I also know that kickboxing is not spacific to sprinting but one month I went along to a few sessions, and my sprinting instantly became more free with better posture and relaxation. I could go on, but no more need.

Even though ground contact time in drills is longer than in sprinting,
most sprint drills would not increase the ground contact time (for your normal sprinting) if the relevant limbs are APROACHING the gound at the APROPPRIATE angles. Even if the drill/exercise has much greater ground contact time than sprinting because of less energy and speed application than in sprinting.

Was this finding published or is it in press? Do you have the reference handy.

Thanks a very interesting post.

It’s very well argeed that the only way to train for sprinting is sprinting itself.

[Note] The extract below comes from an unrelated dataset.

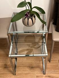 set due tavolini in vetro temprato e struttila in acciaio cromato
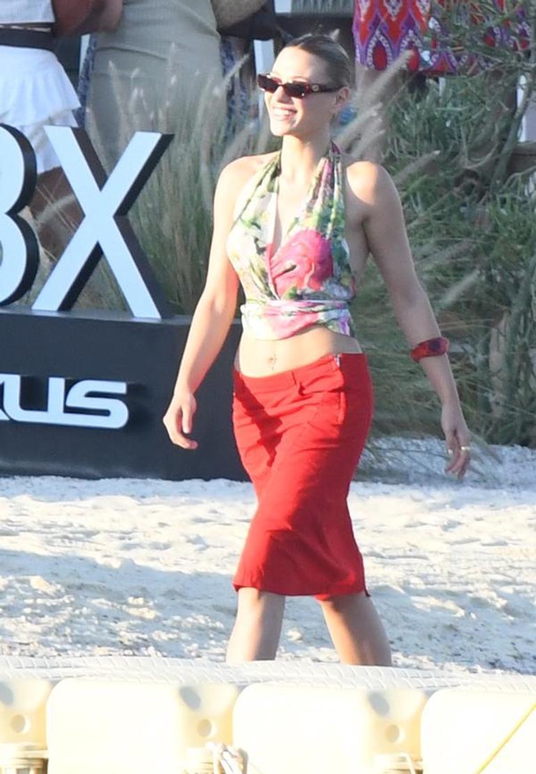 Sümeyye Aydoğan gün boyu dışarı çıkmayı tercih etmeyerek gün sonundaki etkinliğe katılarak sahilde poz verdi.

It would be interesting to find out exactly where these drills came from and first started being used. My theory is that they originated from marching drills that were focused on teaching technique to incapable athletes. Even a modest athletic talent should be skipping by first grade. As far as I know it, humans are the only mammal that can take something so easy to understand and make it confusing as hell…lol.

That’s hilarious!

I think many athletes/coaches hold the misconception that sprinting technique can be developed through the monotonous repetition of drills. When in reality sprint technique is determined largely by physiological parameters. Muscular power and strength are the key ingredients to good technique

The entire dissertation can be downloaded from http://mspace.lib.umanitoba.ca/handle/1993/1215

I will never believe the a’s and b’s drills are bad to use or useless, they have greatly worked for me and are used by every world class sprinter, unless someone can prove to me its not :rolleyes:

i believe the guys who produce results on the track

Ya, i mean talk is talk, what gets you results is whats matters.

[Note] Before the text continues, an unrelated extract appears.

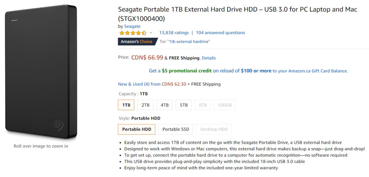 1 TB External HD (May 2020)

For me drills work in a different way by giving you the kinesthetic feeling of positions and providing some specific strengthening exercises. I also think they are overrated for improving technique par se but they are useful. It’s like in Pole Vault where you use giants on a high bar to work on timing and rhythm for inversion but it is completely different to on the pole. Still from doing it myself I think it really helps you to begin to learn the proprioception required to master such a complex skill. If nothing else it improves confidence!

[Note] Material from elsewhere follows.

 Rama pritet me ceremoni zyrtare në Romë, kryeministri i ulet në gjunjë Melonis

With respect to the time and effort taken to perform the study and the useful measurements that were taken…

Doesn’t this study just affirm what we already knew?

I don’t think anyone here was under the impression that he who performs the drills most efficiently, or the most rapidly, will secure his place in the finals of the A category of the 100m this year at the big show.

nor do I think that anyone here was under the impression that if their athletes demonstrated high efficiency in the drills they would also demonstrate kinematic sprinting excellence.

Of course if I am incorrect on one or both counts than I suspect that those coaches who thought otherwise experienced a paradigm shift in their thinking after reviewing the findings and now have a host of things to think about in terms of what it takes to develop world class speed.

Yes. Drills are useful but different. for example good As have the foot under ther knee throughout while there is step-over in the sprints. this is where the jerks came in to re-interpret what Mach had in mind- as if he couldn’t speak for himself. likewise, drills, like jumps etc have their own rythem to optimise a shortened GCT. The more you rush them the worse the GCT becomes.